* **Dataset extract**:
--------------------

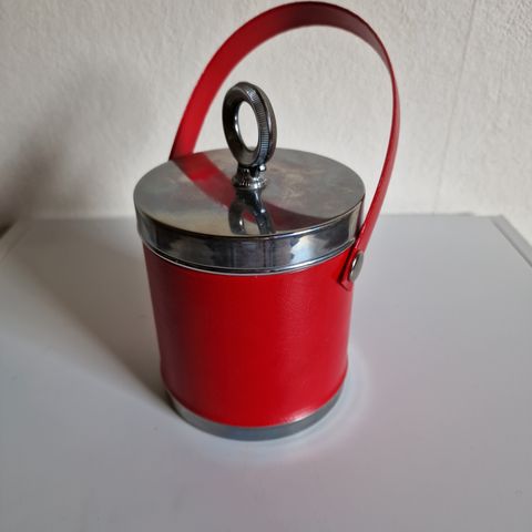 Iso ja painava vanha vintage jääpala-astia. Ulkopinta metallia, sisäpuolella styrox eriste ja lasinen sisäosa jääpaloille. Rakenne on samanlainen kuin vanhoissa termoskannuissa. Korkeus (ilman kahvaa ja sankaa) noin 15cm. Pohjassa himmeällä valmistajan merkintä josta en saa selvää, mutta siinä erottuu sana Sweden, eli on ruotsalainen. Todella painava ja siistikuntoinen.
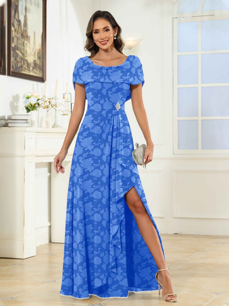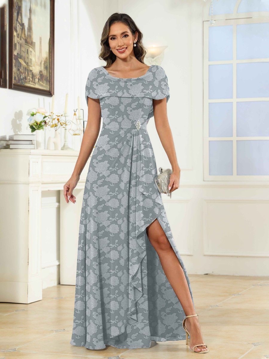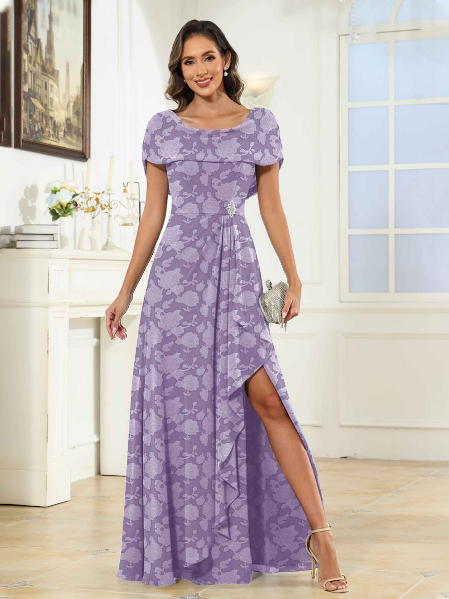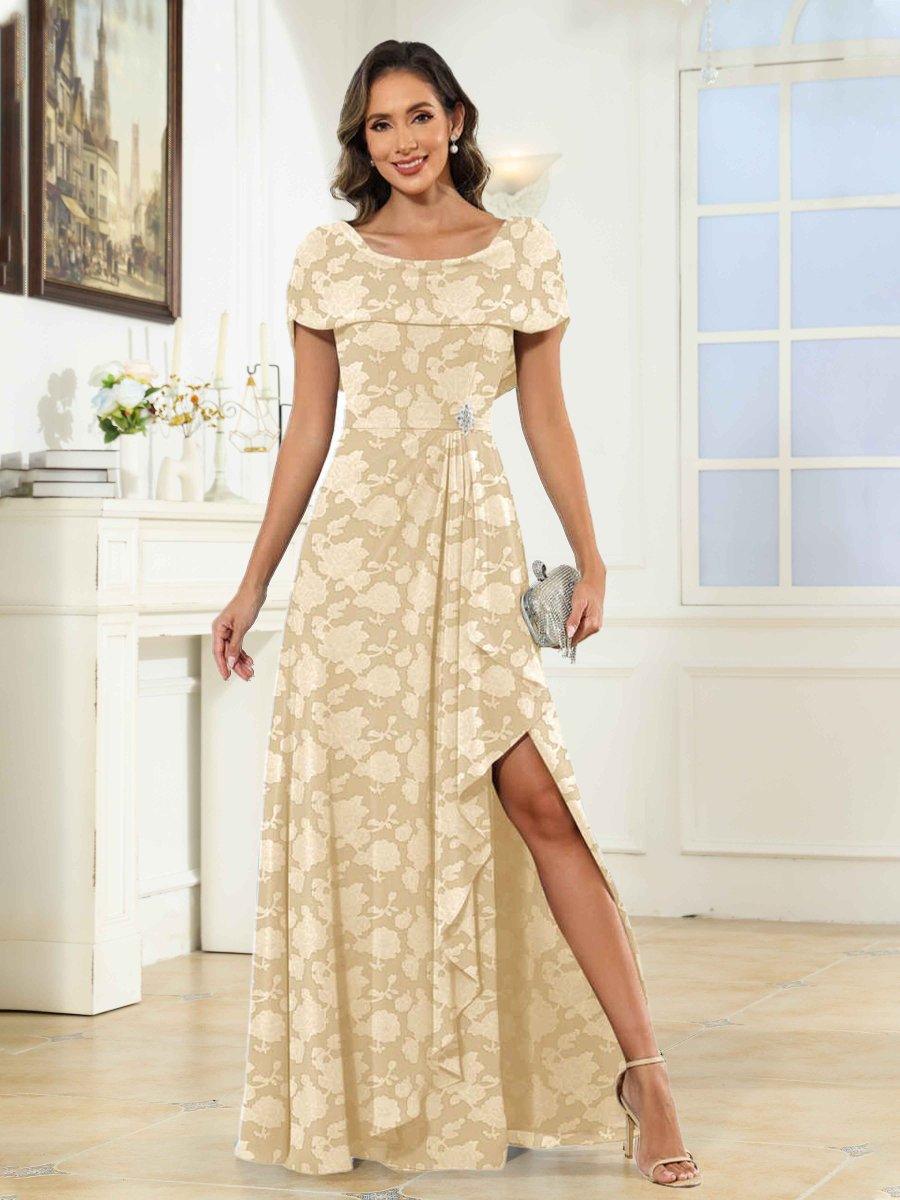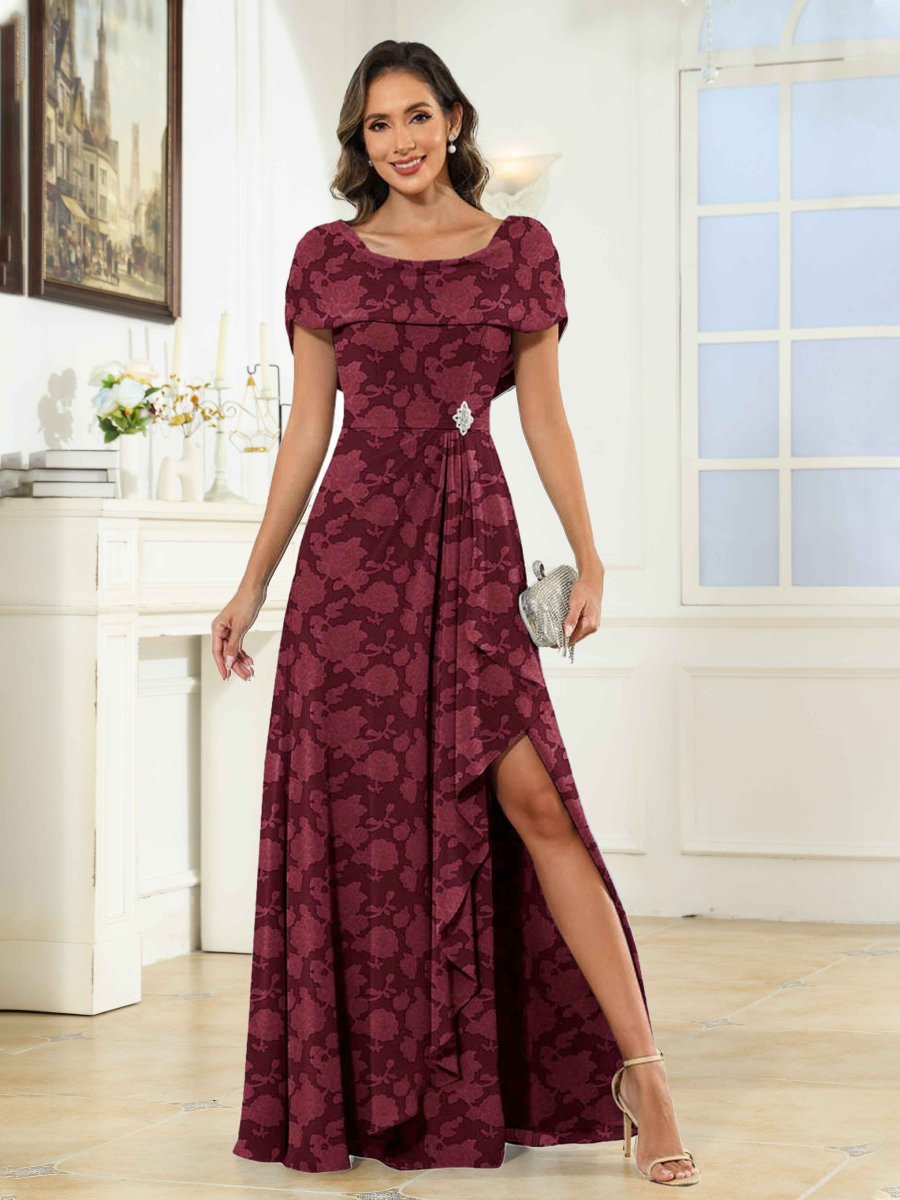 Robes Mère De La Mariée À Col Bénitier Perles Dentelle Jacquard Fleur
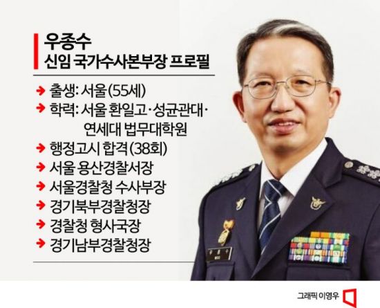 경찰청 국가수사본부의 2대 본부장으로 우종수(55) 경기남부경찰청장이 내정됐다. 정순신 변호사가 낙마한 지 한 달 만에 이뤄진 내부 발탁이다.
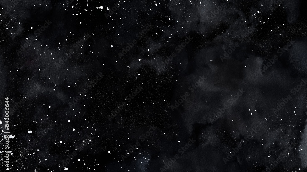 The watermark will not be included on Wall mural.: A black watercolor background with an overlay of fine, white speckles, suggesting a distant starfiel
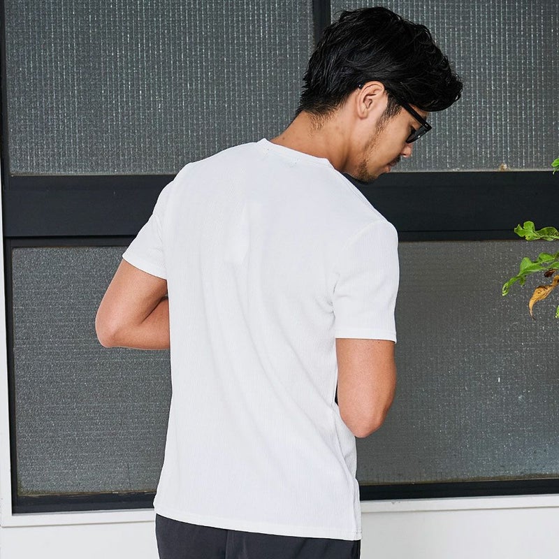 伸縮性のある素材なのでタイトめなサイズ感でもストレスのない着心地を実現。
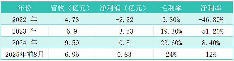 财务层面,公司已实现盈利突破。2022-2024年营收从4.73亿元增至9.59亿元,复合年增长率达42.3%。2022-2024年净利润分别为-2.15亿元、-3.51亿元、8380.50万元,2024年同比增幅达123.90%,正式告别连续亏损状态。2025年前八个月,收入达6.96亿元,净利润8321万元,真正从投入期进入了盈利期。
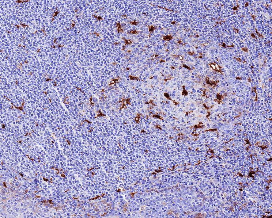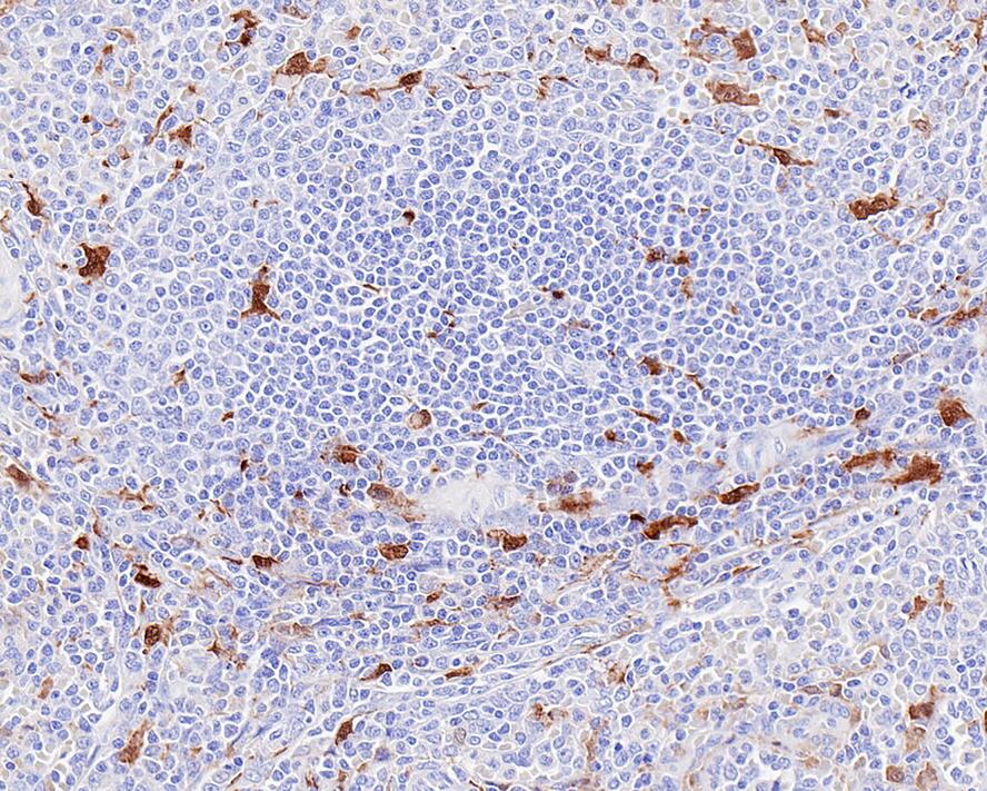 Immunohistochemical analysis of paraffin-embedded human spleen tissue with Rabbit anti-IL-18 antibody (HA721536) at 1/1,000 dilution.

--------------------

* **Work required**: Repeat the data above exactly, leaving out any pictures it holds.

* **Answer below**:
 Iso ja painava vanha vintage jääpala-astia. Ulkopinta metallia, sisäpuolella styrox eriste ja lasinen sisäosa jääpaloille. Rakenne on samanlainen kuin vanhoissa termoskannuissa. Korkeus (ilman kahvaa ja sankaa) noin 15cm. Pohjassa himmeällä valmistajan merkintä josta en saa selvää, mutta siinä erottuu sana Sweden, eli on ruotsalainen. Todella painava ja siistikuntoinen.
 Robes Mère De La Mariée À Col Bénitier Perles Dentelle Jacquard Fleur
 경찰청 국가수사본부의 2대 본부장으로 우종수(55) 경기남부경찰청장이 내정됐다. 정순신 변호사가 낙마한 지 한 달 만에 이뤄진 내부 발탁이다.
 The watermark will not be included on Wall mural.: A black watercolor background with an overlay of fine, white speckles, suggesting a distant starfiel
 伸縮性のある素材なのでタイトめなサイズ感でもストレスのない着心地を実現。
 财务层面,公司已实现盈利突破。2022-2024年营收从4.73亿元增至9.59亿元,复合年增长率达42.3%。2022-2024年净利润分别为-2.15亿元、-3.51亿元、8380.50万元,2024年同比增幅达123.90%,正式告别连续亏损状态。2025年前八个月,收入达6.96亿元,净利润8321万元,真正从投入期进入了盈利期。
 Immunohistochemical analysis of paraffin-embedded human spleen tissue with Rabbit anti-IL-18 antibody (HA721536) at 1/1,000 dilution.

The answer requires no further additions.